As a first step to a global identification of CCN proteins interactions with themselves and their partners, functional association networks predicted by the STRING database consortium were examined for each of the six members of the family (Fig. 16). Although it is not the focus of this review to elaborate on maps drawn from such studies, it is tempting to compare the nature of the predicted partners in the first shell associations, with the ligands identified in experimental contexts which are not representing the biological realm in which these regulators are acting. Indeed, aside from of a few of them, most ligands are not identified by both approaches.

Fig. 16
figure 16

(Upper part) Potential functional interactions of CCN proteins drawn from STRING database. According to the STRING website, “The interactions include direct (physical) and indirect (functional) associations; they stem from computational prediction, from knowledge transfer between organisms, and from interactions aggregated from other (primary) databases”. The prediction shown is based on the first shell interactors directly associated with the input protein used for search. The figure shows the first shell level of proteins directly associated with the proteins of interest. Proteins identified at the second shell level, are reported as usually showing weaker associations. Interactions according to the STRING prediction, “2nd shell of interactors are the proteins associated with the proteins from the 1st shell or with the input protein(s). It can happen that a 2nd shell protein can be directly connected to the input protein(s), but it will usually have a weaker association and therefore it would not show up among the specified number of the 1st shell interactors”. (Lower part) Predicted STRING protein associations of CCN proteins. The identification of potential associations between CCN proteins and other proteins was established through several methods. The 1, 2, 3, 4 values provide the type of support being used to establish the relationship between proteins.
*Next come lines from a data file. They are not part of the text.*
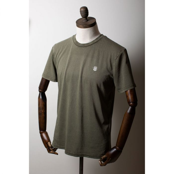 Small breast print, and woven hem detail. White print on an aged olive tee. Fair Wear Approved and 100% Ring Spun combed Organic Cotton
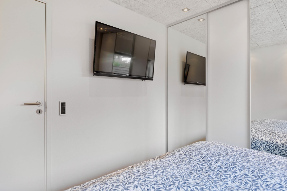 Das Ferienhaus ist mit Solarzellen auf dem Dach und einer Luft zu Wasser-Wärmepumpe ausgestattet, die das gesamte Haus mit einer wasserbasierten Fußbodenheizung versorgt. Diese Kombination sorgt für ein hervorragendes Raumklima, ist äußerst energieeffizient und sorgt für eine möglichst geringe Klimabilanz.
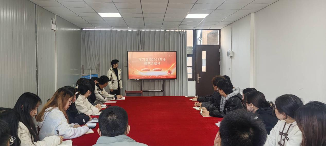 接着乐涛发同志带领大家学习贯彻2026年全国两会精神。他从科技创新、数字经济、教育强国等关键词入手,生动传达了国家发展新质生产力的紧迫要求,激励支部党员把握时代机遇,将专业学习与国家战略需求紧密结合,在科技自立自强中展现高校学子的担当。
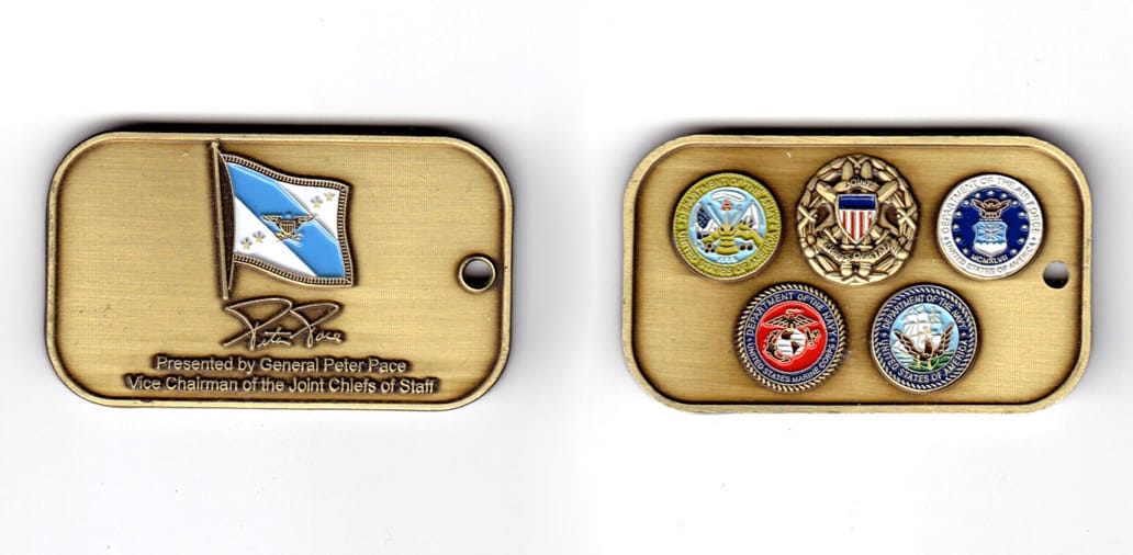 Dog tag shaped coin, antique brass in color, 1 13/64 inches high x 2 1/32 inches wide The inscription on the coin reads, "Presented by General Peter Pace, Vice Chairman of the Joint Chiefs of Staff." Read More
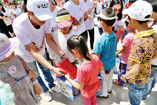 5 月30 日上午,共青團五臺縣委舉辦了“獻禮華誕、慈善同行”公益活動。泰康人壽山西分公司帶著對老區(qū)人民的深情厚誼,向該縣豆村鎮(zhèn)新莊小學捐贈助學金2 萬元、課桌椅150 套、書本文具1506 件、衣物601 件和健身設施1 套。圖為貧困學生在領取助學金。(王鐵虎 攝)
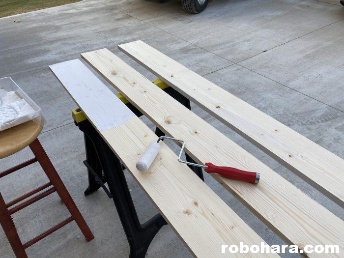 I went to Home Depot with the intention of buying pre-laminated white shelves to use, but no matter how I sliced or modified my plans, they didn’t have enough pieces of wood of the same depth for me to make the shelves. The closest I came was using a bunch of 4′ long shelves, which would have come to more than $200 after tax. I really wasn’t wanting to paint lumber for this project, but I found 8′ long pieces of wood that were 6″ deep (perfect for this project) at under $7 a board. I ended up buying six of those and paying less than $50, and I already had a gallon of white paint at home.
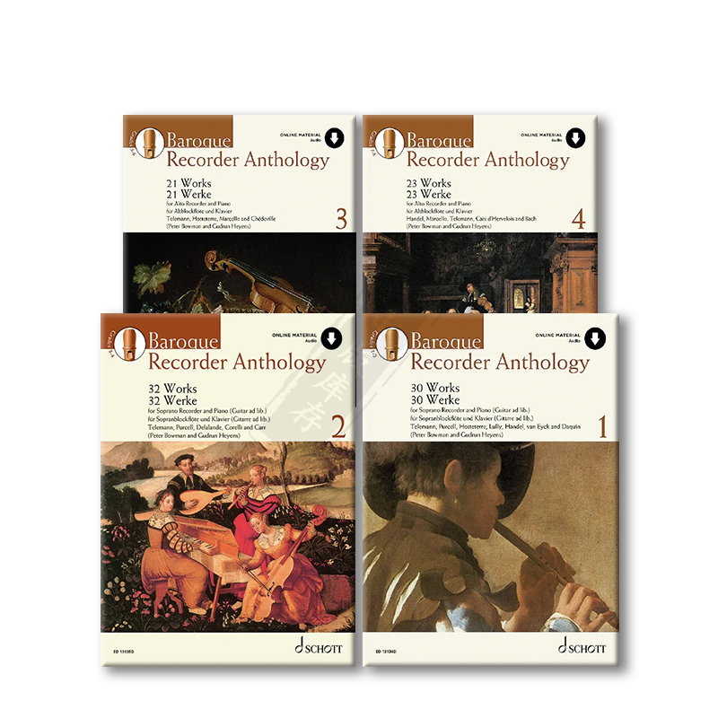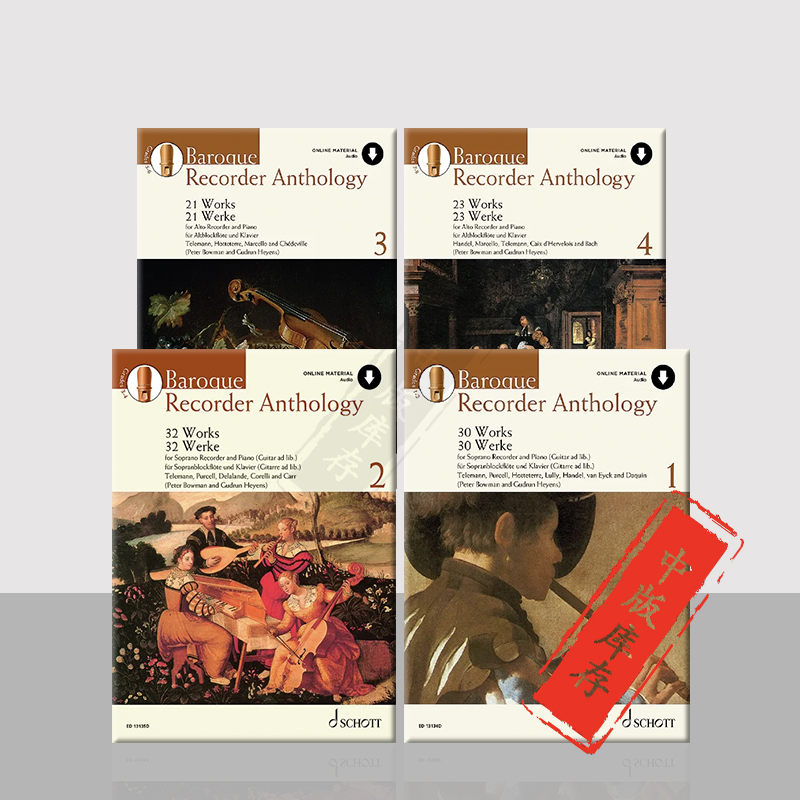 Vol 全套共四卷 Baroque Recorder 乐谱书 附在线音频 朔特原版 巴洛克时期记录作品 Anthology 竖笛和钢琴

It is interesting to note here that several proteins are reported to interact with more than on CCN protein. For example the transcriptional co-regulator YAP1 was reported interacting with CCN1 and CCN2. Although it was not found to interact with CCN3, this observation might be related to the nuclear localisation of CCN3 which was reported to occur in proliferative normal and tumor cells (Perbal 1999); POSTN [(the periostin extracellular protein which is required for the matricellular localization of CCN3 (Takayama 2016)] found to interact with both CCN3 and CCN4, and CTNNB1 (beta catenin involved regulation of cell-cell interaction) for CCN4 and CCN5

The results obtained in addition to the combinations opportunities previously calculated from results of classical interaction analyses, raised interesting considerations as to the number of combinations made possible in such a multiplayer system (Fig. 17).

Fig. 17
figure 17

Potential coordinator role for CCN proteins in complex signaling pathways. The scheme summarize the various interactions of extracellular matrix, and membrane CCN proteins which can interact with their different binding sites to proteins responsible to binding to coreceptors involved both in the negative or positive regulation of signaling pathways. It is also shown that the CCN proteins can interact with themselves and can transduce signals within the cells where they can cross talk with internal signaling pathways. The central position of CCN proteins in the coordination of various complex signaling pathways accounts for its wide array of interconnections with many biological regulators, both in normal and pathological conditions

At this time, we have only considered the CCN concertos in which each of the six instrumentalists engage into specific sets of dialogues with the orchestra. All instrumentalists are present at the same time in the same room. We know that it is only a part of the puzzle, because of the spatiotemporal regulation to which they are submitted.

Rehearsals can provide clues about what happens when some of them are not present, or able to perform. The next stage will consist in identifying a conductor responsible for the coordination of all the regulatory factors performing together at various timings in the Fantastic Life Signaling Symphony.